Anti-ribosomal phosphoprotein autoantibody triggers interleukin-10 overproduction via phosphatidylinositol 3-kinase-dependent signalling pathways in lipopolysaccharide-activated macrophages.

摘要

Anti-ribosomal phosphoprotein autoantibodies have been shown to be significantly associated with multiple manifestations of systemic lupus erythematosus (SLE). High levels of interleukin-10 (IL-10) have been demonstrated to contribute to lupus susceptibility and severity. In this study, we investigated the molecular mechanisms of anti-ribosomal phosphoprotein monoclonal antibody (anti-P mAb)-induced autoimmune responses. Anti-P mAb promoted IL-10 overproduction in a dose- and time-dependent manner in both lipopolysaccharide (LPS)-activated RAW 264.7 cells and primary human macrophages. Anti-P mAb enhanced phosphorylation of Akt (PKB; protein kinase B), extracellular signal regulated kinase 1/2 (ERK1/2) and c-Jun NH2-terminal kinase 1/2 (JNK1/2), while phosphorylation of p38 remained unaltered. Furthermore, anti-P mAb decreased glycogen synthase kinase 3 (GSK3) activity and reduced the phosphorylation of I kappaB alpha in LPS-activated macrophages. The Syk, phosphatidylinositol 3-kinase (PI3K), protein kinase C (PKC), JNK and ERK signalling pathways involved in anti-P mAb-triggered IL-10 secretion were also confirmed using various pharmacological inhibitors. In addition, nuclear factor (NF)-kappaB had negative regulatory effects on anti-P mAb-triggered IL-10 secretion.

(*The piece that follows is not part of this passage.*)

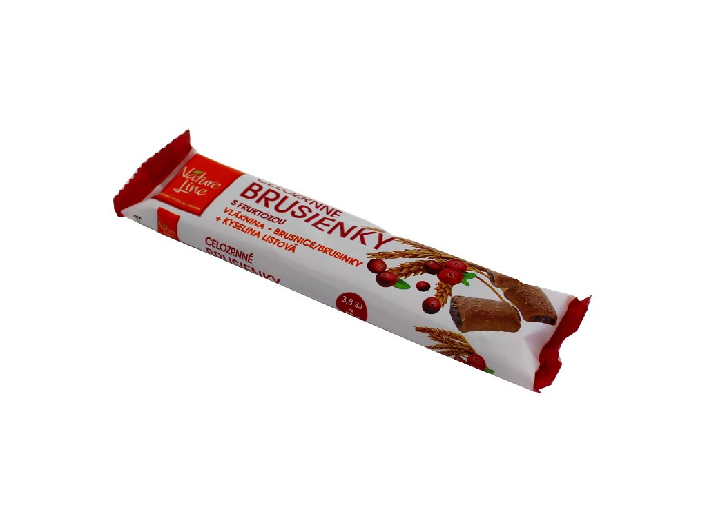 Celozrnné sušenky s náplní z brusnice (38%)jsou sušenky s vlákninou, obohacené o kyselinu listovou, jsou vhodným rychlým občerstvením při fyzické zátěži, sportovních výkonech, v práci, ve škole nebo při cestování.

Using reporter plasmids containing the nuclear factor binding sites of NF-kappaB, cAMP-enhanced activation protein 1 (AP-1), serum response element (SRE) or cyclic AMP response element (CRE), treatment of anti-P mAb led to activation of the corresponding factors that bind to the AP-1 site, SRE and CRE in the LPS-activated macrophages. Furthermore, by transfection with reporter plasmids bearing various lengths of the IL-10 promoter, the AP-1 binding site, SRE and CRE were shown to be required for anti-P mAb-induced effects. Collectively, our results provide a molecular model for anti-P mAb-induced IL-10 overproduction in LPS-activated macrophages, which may play a role in the pathogenesis of SLE.